Neither of them tries getting oil from anyone else. They are worried about getting some that may have an additive in it that won't burn proporly. Both run dodges.


----------



## XLT (Apr 7, 2005)

I run my 300TD on 100% veggie, I haven't tried used motor oil, but I have been told that the particulants in used motor oil, even well filtered, make it more risky to run...don't know if it's true

I am sticking with wvo for now...


----------



## Jim-mi (May 15, 2002)

I run super highly filtered WVO blend in my 300D.

Most any one I've talked with, and or read about--warns against waste motor oil damaging the injector pump from the fine metal particles in the oil.

I'm going to put together a filtering system using a Frantz (toilet paper) filter. . . . .this just for my WVO.
That should--I'm told--filter down to about one micron.
Standard car **oil filters** let far to large of particles- about 20 microns- pass through.

The newer diesel engines have tighter tolerances on their injectors than a few years ago.......another reason NOT to use waste motor oil.


The cost of replacing my MB injector pump keeps me from even thinking about using any waste motor oil.


----------



## mightybooboo (Feb 10, 2004)

What do you think your true costs are using wvo? Do you pay to get it? Any shortage of it?

I see McD's is now using theirs in their fleet.


----------



## WisJim (Jan 14, 2004)

I knew a fellow years ago who ran his Witte diesel standby generator on used motor oil. He collected it from friends, family, and neighbors and let it sit in a 250 gallon tank like some people have for heating fuel oil. He would let the water settle out for months to a year, then draw off oil from midway in the tank into another tank, through a regular automotive type filter, and then filter it again before using it. He was using it in an old vintage engine generator, and it probably didn't have the tight tolerances of a modern tractor, truck, or auto engine. But he did it for many years.


----------



## OntarioMan (Feb 11, 2007)

It would appear as if lots of the Listers can be run on waste motor oil - and when you think of it, its probably far easier to get used motor oil than it is to get waste vegetable oil.



WisJim said:


> I knew a fellow years ago who ran his Witte diesel standby generator on used motor oil. He collected it from friends, family, and neighbors and let it sit in a 250 gallon tank like some people have for heating fuel oil. He would let the water settle out for months to a year, then draw off oil from midway in the tank into another tank, through a regular automotive type filter, and then filter it again before using it. He was using it in an old vintage engine generator, and it probably didn't have the tight tolerances of a modern tractor, truck, or auto engine. But he did it for many years.


----------



## Jim-mi (May 15, 2002)

On my long list of to-do's one would be a Lister . . . .talk about loose tolerences..........that should run on *most anything*.

As the word gets out colecting WVO is getting very competitive..............
The places are happy that I take it off their hands . . . .so they don't have to Pay someone to haul it away.

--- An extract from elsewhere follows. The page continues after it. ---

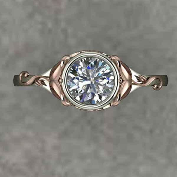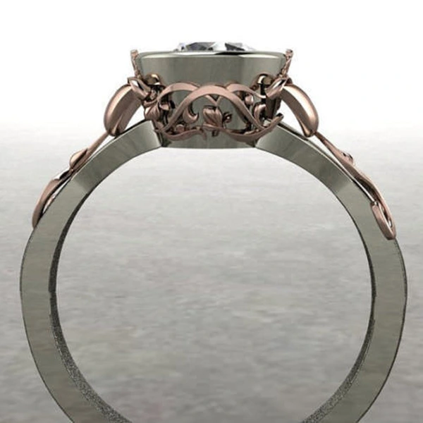 خاتم خطوبة نسائي كلاسيكي جديد من الألماس بمرآة بلونين أوروبي وأمريكي رائج البيع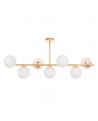 Nowoczesny styl prezentowanego oświetlenia łączy w sobie minimalizm i dekoracyjność. Mimo że te dwie cechy powinny się wykluczać, lampa wisząca Petrica W16 łamie wszelkie stereotypy. Jej luksusowa złota oprawa podtrzymuje aż szesnaście szklanych kloszy, które majestatycznie ozdobią wnętrze niejednego salonu, jadalni, a nawet holu.

Right now our winter blend --to keep it from gelling-- we are charging ourselves $1.35 \ gal
Once the temp gets a bunch higher that will drop down a bunch.

Even so . .on road diesel today is $3.59 \ gal

You do the math.

Not so on waste motor oil (easier to get) it is being used in heaters.


now wheres that Lister.....................................


----------



## PyroDon (Jul 30, 2006)

Realize that even if you run wvo and make it your self if it is used on the road you are legally required to pay federal fuel tax on every gallon .


----------



## XLT (Apr 7, 2005)

the above is not true in all states...my own for example has exempted wvo and biodiesel from road tax.


----------



## ET1 SS (Oct 22, 2005)

My son uses WVO from restaurants. He cuts it either 10% or 20% with diesel fuel to keep it flowing liquid in cooler temps.

The big issue is filtering.

No 'conversion'.


----------